A girl was born ... in Taiwan on 05/05/1980. She was born to a single, unmarried woman [name retracted], who was residing at [address retracted]. The records indicate that [name retracted] affirmed that a girl was born prior to her marriage with the understanding that the natural father is unknown. A girl weighed 7 pounds when she was born. [Name retracted] gave a girl to an orphanage ... when a girl was three weeks old. ... [Name retracted] relinquished her rights on 06/10/1980. Adoptive parents who had made application with the orphanage prior, were contacted and a girl was adopted by them, in Taiwan, on 07/07/1980. Adoptive mother picked up a girl in Los Angeles at the airport on 08/16/80. On 05/14/1981 the ... Division of Family Services were ordered to do a statutory investigation for the adoption proceedings in the ... Circuit Court (a girl's note: my local social services contact is not sure why it took them so long to approach the U.S. court). There was an initial home study completed by a social worker on 07/01/1980, but an update was requested by the court and submitted on 06/05/1981 (because the first social worker was a family friend, the court would not accept the first home study). The court did not waive the 9-month supervisory period was was requested by the adopted parents' attorney, and the adoption was finalized in the Boone County Circuit Court on 09/27/1982.

Friday, October 26, 2012

Happy birthday to me

May 1, 2012

"Greetings from Taiwan.

"We searched your birth mother’s information from the household system, the household system could only provide the address, and we sent few letter to that address, but there was no response at all.
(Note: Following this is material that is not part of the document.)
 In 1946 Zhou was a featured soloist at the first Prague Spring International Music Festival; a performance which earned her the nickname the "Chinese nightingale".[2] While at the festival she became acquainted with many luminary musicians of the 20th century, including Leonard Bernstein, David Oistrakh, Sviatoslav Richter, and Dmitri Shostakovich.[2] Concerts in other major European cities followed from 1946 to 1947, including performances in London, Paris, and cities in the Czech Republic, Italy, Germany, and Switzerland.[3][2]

"In this case, it could be that your birthmother doesn’t live in the address which she registers in the household system. Or she does live there, but she is not ready to contact with us.

"In Taiwan, if the birth parents decided to put their child in adoption, they will choose not to contact in the future. One of the reasons is that they feel guilty about their decision, and they think that they didn’t raise the child which makes them have no right to follow up the child.
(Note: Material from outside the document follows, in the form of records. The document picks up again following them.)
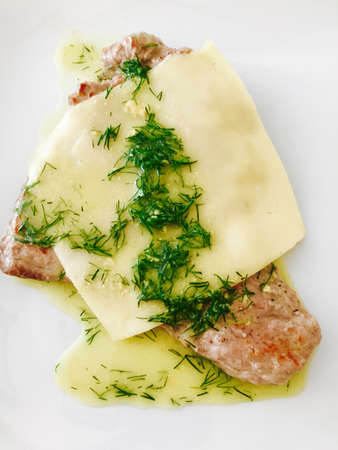 Steak with cheese and dill
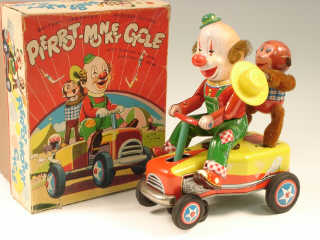 longueur 20 cm - en action le véhicule avance en zigzaguant & en contournant les obstacles tandis que les personnages bougent d'avant en arrière & que le nez du clown s'allume - avec sonnerie - mécanismes fonctionnent - in action, the vehicle zigzags forward, going around any obstacles - both charcters move about and the clown's nose lights up - in working condition
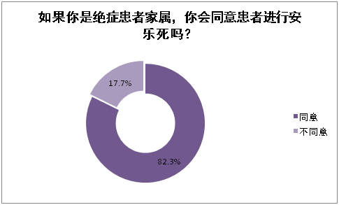 作为绝症患者家属,82.3%的医务工作者会同意患者进行安乐死,17.7%的医务工作者不同意自己的亲人进行安乐死。
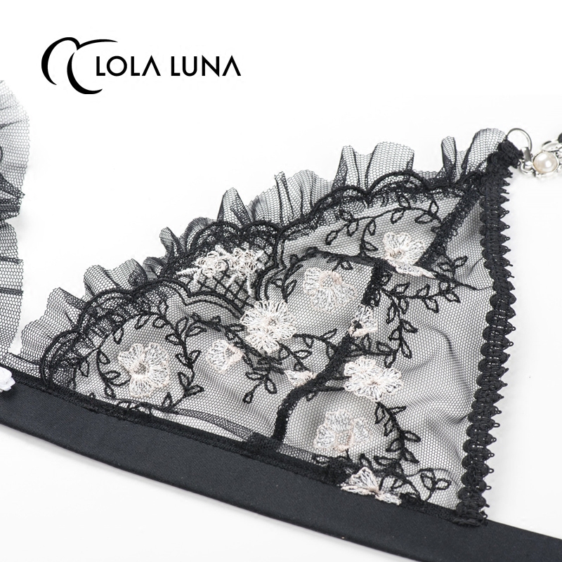 French Lola Luna new (camellia) lace bra without steel ring lace underwear women's triangle cup

"I’m not sure why there have no responses from your birth family, but I do like to know your thoughts about the next step. If you like to quit this reunion or you have any other ideas. Please tell me your view."


Jan. 24, 2012

While trolling the interwebs yesterday, I came across the blog of a woman who volunteered at the orphanage where I lived prior to my adoption. She actually used the term "unwanted children," which made my heart and mind churn.

I have spent enough of my life feeling unwanted. Do I need some self-righteous 20-something-year-old girl to confirm that?

Les Misérables

"In my life, there are so many questions and answers that somehow seem wrong." So sings Jean Valjean's adopted daughter, Cosette, in the musical Les Miserables.
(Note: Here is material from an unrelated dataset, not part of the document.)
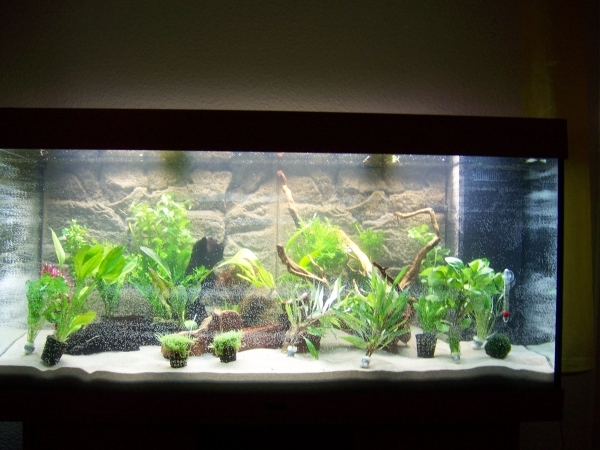 habe mich ja schon kurz vorgestellt und möchte euch jetzt kurz mein Becken vorstellen. Es sit nicht im Amanostil und ob es zu Naturaquarien gehört, bin ich mir nicht sicher. Ich hatte, von meinem Vater übernommen, seit ich 10 Jahr war, fast immer AQ. Als Jugendlicher habe ich so alles gezüchtet, was mir über den Weg lief und teilweise 6 AQ. Gesteigert habe ich mich dann bis zu 560l Diskusaquarien.

I've been listening to Les Mis soundtracks for weeks in preparation for finally seeing the musical live. But it only struck me this morning how much I relate to those specific lyrics.

Cosette continues: "In my life, there are times when I catch in the silence the sigh of a faraway song. And it sings of a world that I long to see. Out of reach, just a whisper away, waiting for me."

In just 10 weeks I will embark for that world that has haunted me all my life. Tickets are booked and paid for. There's no turning back.

It's been several months since I last posted to this blog. In that time, I stopped writing. Spiraled into the second-deepest depression of my life. Found a therapist. Was convinced to go on medication, something I miraculously managed to avoid until this year. Joined a class of (ironically) counselors preparing to travel to Taiwan. Started writing again. And was invited to accompany the shrinks to Taiwan in January.

Over the next few days, I'll post the journal entries I've kept private until now. And I hope to be brave enough to keep posting here as an outlet and a way to share my journey with others who may be going through the same thing. It's been selfish of me to devour other people's stories and be so unwilling to share my own. This blog is my inspiration. Thanks for reading.